Friday, December 15, 2017

Below the Sewers

The Forbiddance is so old it is not even a magic anymore. And the danger of such a thing is that one can learn to take it for granted, to assume that what has been before will always remain. We should know better. Our history is made of knowing better. But we forget. In this, we are like the humans. We also can forget, can choose to remember memories over facts. Sometimes there are holes, gaps caused by our comings and goings. The humans have stories of us, of course. Some have seen our city, and call it civilization.

It is nothing. Far under the earth, in caverns of evermoss and the old waters, made of trees and stones and sands. It is large, larger than the vast city that hums above us, but it is all that is left. Once the surface was ours. They say other worlds, too, sometimes, in the very old stories. The ones that contain only the truth that is myth. Once the world was ours, or nearly so. No one agrees about what changed. But one day the world turned against us, and none of our magics could stop the future. We turned inward. Fled to one point. Built our city far under the earth.

We were safe, until the humans came. We killed them, at first, but each death put a hole in the Forbiddance. Allowed them entry into our city. After the first place, we fell back.
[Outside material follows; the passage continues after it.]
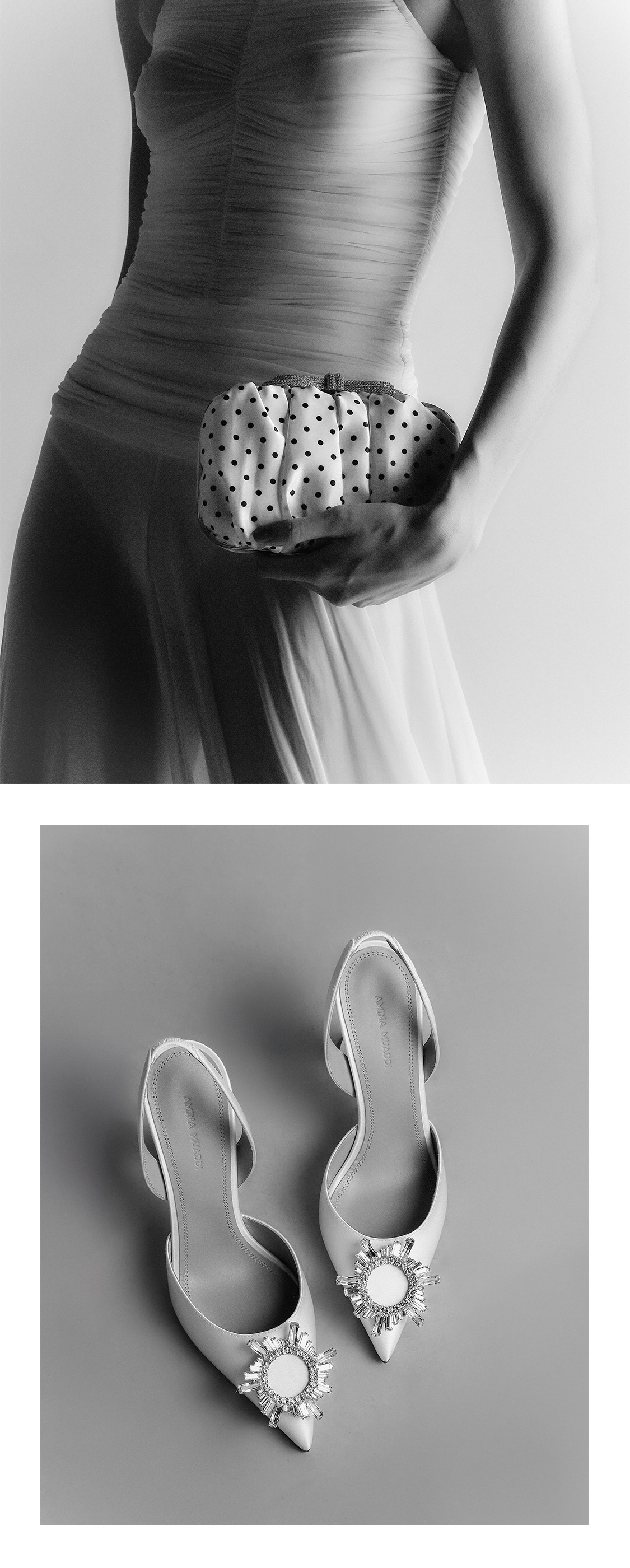 Your gown may be the main character, but your shoes do the heavy lifting and they deserve their close-up. From Jimmy Choo patent leather pumps to Amina Muaddi embellished slingbacks, our bridal edit ensures she sparkles with every step long after the bouquet is tossed. Add a MACH & MACH satin clutch and a Self-Portrait pearl bracelet for a timeless look built for the ‘gram and beyond.

Rebuilt the old magic. Became stories that never quite dwindled into legend. Cultivated our freedom at the expense of many things. It is more important to be safe than to be free. Safety was survival. Still, some came, with curiosity deep enough to push through the Forbiddance. Some we left live. Others we drove out or tricked.

And still more humans came. The land above us became a city, the weight of it a promise. But we were not forever. They will not be forever. We can wait, until the world forgives us. Until we can reclaim what was lost. We cultivate detachment. We discover respect. We try to become a deeper part of the is that is the world.

The boy. The boy comes walking down one of the old tunnels. He is belting out a human song at the top of his lungs as if the darkness was never a thing to be feared, as though he was not lost far beyond the lands he knows. I move closer, blending into shadow and stone. There are tricks and snares to force him away. I slow. He is eleven. I do not know how I know this, or why it matters.

He stops. Smiles, showing mammal teeth, but it is even so a smile. “Hi! I’m Jay!”

“I am Hkri,” I say, and only after realize he has spoken in our tongue. No human knows the tongue of the People. It is not taught.

“I’m having an adventure and maybe got lost, but that’s an important part of adventures.” He holds up a human contraption in one hand. “I brought a flashlight,” he says proudly, and his pride is as old as any scale I have known. I think, sometimes, that we are the source of their stories about dragons, but Jay’s pride would put a dragon to shame.

“You should not be here.”

“But if I only went where I should be, I wouldn’t have adventures! And did you know I’ve never met a lizard person before?”

“I did not. We’ve never met,” I add, though it seems absurd.

“Oh! But we just did, and we’re friends,” he says, and I would swear the saying makes it so.

There is power here that goes deeper than any I know. “It is dangerous to our magic if you remain.”

Jay scratches his head. “I don’t think so? It had lots of holes and I fixed those bindings like a jayboss does.”

I still a moment, as if under the sun or before a kill. I sing a fragment of the old Work, and listen to the Forbiddance. It is clear, whole in a way so deep I did not known it was broken until now. “What are you?” I ask, and I’m so shocked I speak in a human tongue.

“I’m Jay,” he says, as if that was an explanation enough. “Also! I have some friends who might want to meet you and I bet if you cultivate jaysome then it will be okay!”

I have no idea what he means.

I find myself saying yes.


Some things, there is no detachment from, and his smile of joy is one of those.